* WHAT TO PRODUCE
Lines before the one containing "IEC 60055-2:1981 Paper-insulated" are not wanted; restate the rest below word for word, through the last line, but drop any pictures.

* DATA BLOCK
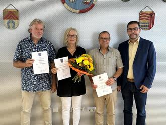 Vlnr.: Matthias Lang, Christine Sauer, Martin Kuntz, Bürgermeister Klaus Weber. Foto: VG-Verwaltung
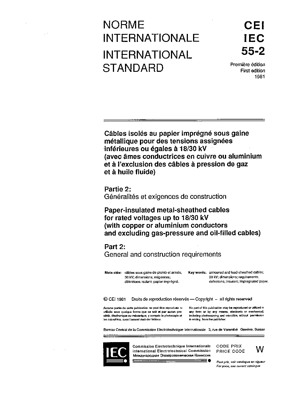 IEC 60055-2:1981 Paper-insulated metal-sheathed cables for rated voltages up to 18/30 kV (with copper or aluminium conductors and excluding gas-pressure and oil-filled cables). Part 2: General and construction requirements
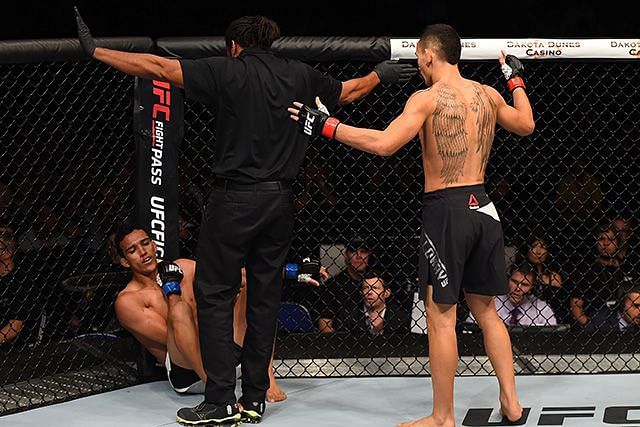 The two men exchanged some early strikes before Oliveira attempted a takedown, and when Holloway was able to defend, the Brazilian attempted to pull guard. Holloway was having none of that and stood back up – only for Oliveira to collapse to his back, clutching his neck. Referee Herb Dean was then forced to stop the fight, awarding a strange and anticlimactic TKO to Holloway.

* RESPONSE FOR THIS EXERCISE
 IEC 60055-2:1981 Paper-insulated metal-sheathed cables for rated voltages up to 18/30 kV (with copper or aluminium conductors and excluding gas-pressure and oil-filled cables). Part 2: General and construction requirements
 The two men exchanged some early strikes before Oliveira attempted a takedown, and when Holloway was able to defend, the Brazilian attempted to pull guard. Holloway was having none of that and stood back up – only for Oliveira to collapse to his back, clutching his neck. Referee Herb Dean was then forced to stop the fight, awarding a strange and anticlimactic TKO to Holloway.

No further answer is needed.